Monday, Oct. 05, 1953

Assurances

The fall leaves turned gold, the swallows arrowed south, and the world's statesmen came back from the beaches and the mountains to the cares of a new season. The cares were still dismally the same--they had taken no vacation--but the atmosphere around them was changed.

Summer had begun with Moscow's peace offensive running full blast. Fall was beginning with stirrings which could, without much stretching, be called a Western peace offensive. The movement was loose and vague, but it somehow fell together around one word: assurances.

In their public pronouncements and private talks, Western diplomats last week repeated the word again and again--assurances that will convince Russia that the West wants peace, assurances against renewed fighting in Korea, assurances to quiet France's fears of reborn Germany. Britain's Winston Churchill spoke up again for four-power talks to negotiate Locarno-type assurances between Russia and the West. At the U.N., where U.S. Secretary of State Dulles had set the tone by recognizing Russia's right to assurances against hostile encirclement (TIME, Sept. 28), France's Maurice Schumann carried the matter further. "No nation understands better than France what the haunting fear of invasion and the obsessive longing for security can mean," said he. He turned pointedly to Russia's Andrei Vishinsky. "I assure you, you will find us ready to seek with you ... a guarantee against the modification by force of existing boundaries." Schumann also thought he saw hope of negotiating peace in Indo-China (see below).

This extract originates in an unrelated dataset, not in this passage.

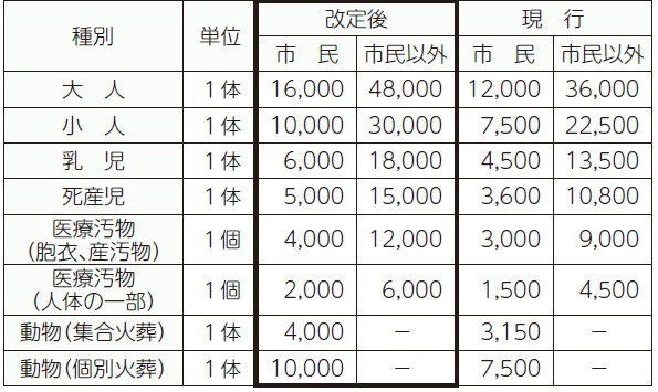 みきやま斎場について、供用開始から17年、令和元年10月の使用料見直しから6年経過したことに伴い、施設の持続的な管理・運営と受益者負担の適正化を図るため、次のとおり使用料の改定を行います。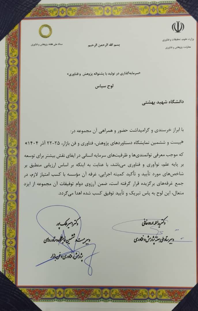 دریافت لوح تقدیر دانشگاه شهید بهشتی از دبیر بیست و ششمین نمایشگاه دستاوردهای پژوهش، فناوری و فن‌بازار

The U.N. talked of a new plan to neutralize Korea and exchange mutual assurances with the Communists against renewed aggression there. In Western Europe, allied diplomats concentrated on ways to reassure hesitant France that it can safely unite with Germany in the EDC (see below), while France took pains to tell Russia--as did Germany's Konrad Adenauer before them--that assurances can be negotiated to convince Moscow of EDC's peaceful purpose.

If all the talk meant what it seemed to mean, the West was embarked on a real effort to test Russia at the negotiating tables.